Question

If \[\alpha ,\beta \] are the zeroes of the polynomials f(x) = ${x^2} + x + 1$ then $\dfrac{1}{\alpha } + \dfrac{1}{\beta }$ is ………………
A. 1
B. 0
C. -1
D. 2

Answer 1

Hint - To solve such types of questions we need to know the basic formulae of sum of roots and product of roots of the quadratic equation.
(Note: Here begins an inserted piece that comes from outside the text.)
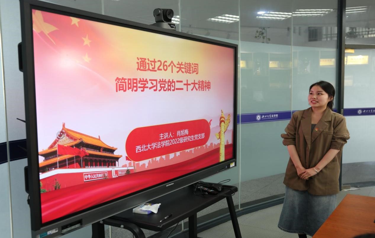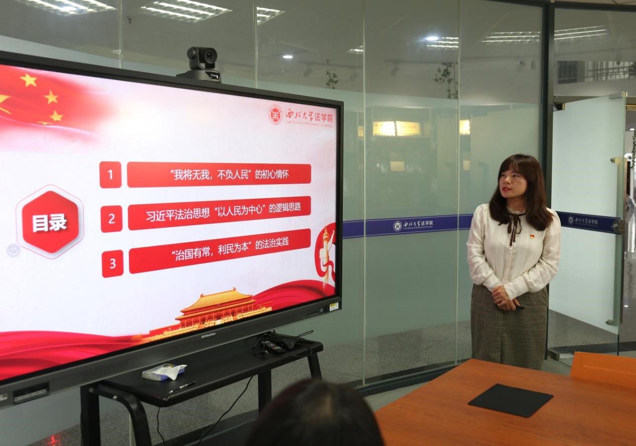 本次比赛的选手有民商法学支部方婷同志、宪法行政法与刑事法党支部苟震同志、本科法学党支部吴怡同志、行政支部问贝宁同志、2021级研究生党支部李艳妮同志和2022级研究生党支部肖旭梅同志。待选手们一个个展示完毕后,现场评委根据课程主题、课程内容、讲授技能、语言仪态、效果时间等维度综合考量,进行评选打分。

Complete step by step answer:
Given,${x^2} + x + 1$
On comparing with standard quadratic equation, $a{x^{{2^{}}}} + bx + c = 0$
a=1, b=1 and c=1
Sum of roots ($\alpha + \beta $ ) =$\dfrac{{ - b}}{a}$ and Products of roots ($\alpha .\beta $ ) =$\dfrac{c}{a}$
Sum of roots ($\alpha + \beta $ )= $\dfrac{{ - 1}}{1} = - 1$ and Product of roots ($\alpha .\beta $ )= $\dfrac{1}{1} = 1$ ……..(i)
We need to find the value of $\dfrac{1}{\alpha } + \dfrac{1}{\beta }$
On solving, taking L.C.M. we get $\dfrac{{\alpha + \beta }}{{\alpha .\beta }}$
Now putting value from equation (i)
=$\dfrac{{ - 1}}{1} = - 1$ $\dfrac{{ - 1}}{1} = - 1$
Hence the answer to this question is -1.

Note - For solving such type of quadratic question we need to find the value of sum and product of its roots and then solved the given relation and putting the value of sum and product of roots to solve the equation $a{x^{{2^{}}}} + bx + c = 0$ then sum of roots ($\alpha + \beta $ ) =$\dfrac{{ - b}}{a}$ and Products of roots ($\alpha .\beta $ ) =$\dfrac{c}{a}$.